Can Two LLCs Form A Partnership?

Can Two LLCs Form A Partnership

LLC stands for Limited Liability Company. It’s a US-specific form of a private limited company. This business structure can combine the pass-through taxation of a partnership or sole proprietorship with the limited liability of a corporation. This type of company model provides limited liability to its owners in many jurisdictions.

Two LLCs can form a partnership but both the LLCs need to update their LLC operating agreement and the partnership’s operating agreement to reflect the change. The operating agreement must include information regarding how the ownership is structured and who will be involved in the management as well as the control of the two entities. Depending on the state law you also have to file a document with your secretary of a state reflecting the change of ownership.

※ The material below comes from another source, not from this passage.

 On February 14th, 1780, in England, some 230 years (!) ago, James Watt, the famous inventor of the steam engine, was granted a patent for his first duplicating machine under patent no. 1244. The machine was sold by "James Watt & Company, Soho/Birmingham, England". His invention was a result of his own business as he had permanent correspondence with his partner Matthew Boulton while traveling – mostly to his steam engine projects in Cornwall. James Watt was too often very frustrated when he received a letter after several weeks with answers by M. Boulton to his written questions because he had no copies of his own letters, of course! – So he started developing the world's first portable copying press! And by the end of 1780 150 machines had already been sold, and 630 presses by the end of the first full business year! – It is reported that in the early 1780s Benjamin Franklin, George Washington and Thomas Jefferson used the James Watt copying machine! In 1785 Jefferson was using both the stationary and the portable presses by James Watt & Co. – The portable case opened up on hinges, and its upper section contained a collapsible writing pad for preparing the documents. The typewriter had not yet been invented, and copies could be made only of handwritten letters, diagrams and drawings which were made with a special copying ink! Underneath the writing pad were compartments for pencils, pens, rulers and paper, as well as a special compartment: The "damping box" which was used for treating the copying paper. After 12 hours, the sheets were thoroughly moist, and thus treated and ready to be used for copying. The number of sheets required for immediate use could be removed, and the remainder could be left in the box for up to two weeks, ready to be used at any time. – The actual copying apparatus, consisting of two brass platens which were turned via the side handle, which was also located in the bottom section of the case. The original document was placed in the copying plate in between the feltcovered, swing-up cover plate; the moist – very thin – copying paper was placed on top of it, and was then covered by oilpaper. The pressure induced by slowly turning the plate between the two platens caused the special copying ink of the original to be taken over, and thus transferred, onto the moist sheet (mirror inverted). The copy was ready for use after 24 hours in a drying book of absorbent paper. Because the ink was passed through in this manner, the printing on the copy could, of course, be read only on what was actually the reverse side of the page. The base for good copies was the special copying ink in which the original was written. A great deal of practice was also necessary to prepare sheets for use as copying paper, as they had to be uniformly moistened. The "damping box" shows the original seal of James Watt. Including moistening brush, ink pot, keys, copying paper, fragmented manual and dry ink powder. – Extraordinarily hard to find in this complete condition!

How To Form Partnership LLC

The process of forming a partnership is very simple. Here are the steps that you should follow if you want to form a partnership with two LLCs.

1. First, you have to create an operating agreement that will specify each member’s role in the company. Moreover, it should contain information on how partners will make decisions as well as the process of adding or removing partners.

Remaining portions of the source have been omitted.